The issue already had one arm in the straight-jacket when Nellie Kroes accused Microsoft of engaging in a smear campaign to cast her in a negative light.  She was already doing that by herself as she displayed her tenuous grasp on the software industry and the actual concept of a free market.  At one time the EU Competition Commission had a few valid points but as time has gone on the entire issue has turned into a pissing match with the EU not wanting to lose any political face by backing down.

The news of Adobe and Symantic lodging official concerns to the EU takes the cake though.  Their big concern is that their business will be negatively impacted by Microsoft bundling their products and at one time I would have bought into that argument.  Now that Firefox has been on the scene though they've shown that you can still gain significant market share even if you're not a bundled product as long as you have a superior product, which Firefox vs.
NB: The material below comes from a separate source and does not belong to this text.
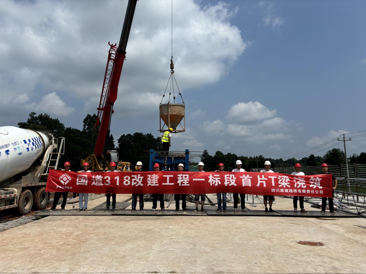 多方协作保顺畅,首梁铸就鼓士气。在首片T梁浇筑过程中,路桥公司领导亲临现场指挥协调,项目经理部负责人坚守一线。监理人员、安全和技术人员全程旁站,施工人员严格按照操作规程和质量标准作业。前后场紧密联系,各道工序有序衔接,规范化、标准化施工尽显风采。首片T梁的顺利浇筑,为项目后续施工开创了良好局面,极大地鼓舞了士气。这一重要成果向项目全年施工生产任务目标吹响了冲锋号,路桥公司将全力以赴,在国道318改建工程中铸就新的辉煌。

IE6 definitely is.

It must be a scary position for a company like Symantic to know that a large part of their business has been based on the weakness of another.  What's interesting is that they are accusing Microsoft of giving themselves an unfair advantage yet the Microsoft products don't have access to anything Symantic doesn't.  It's also interesting how many people I talk to that dislike Symantic's security products.  On top of all of this the consumers have been asking, either directly or indirectly, for much better security built into the OS and now that Microsoft has taken that seriously

What's so ironic about Adobe's issue is that PDF files are the Microsoft of formats, meaning 90% of portable documents are PDF-based.  Adobe is really saying they are concerned that Microsoft might topple their hold on the market and bring fixed file formats into a competitive phase.

The bottom line is that what the companies are really complaining about is that now they really have to start competing based on the merits of their products.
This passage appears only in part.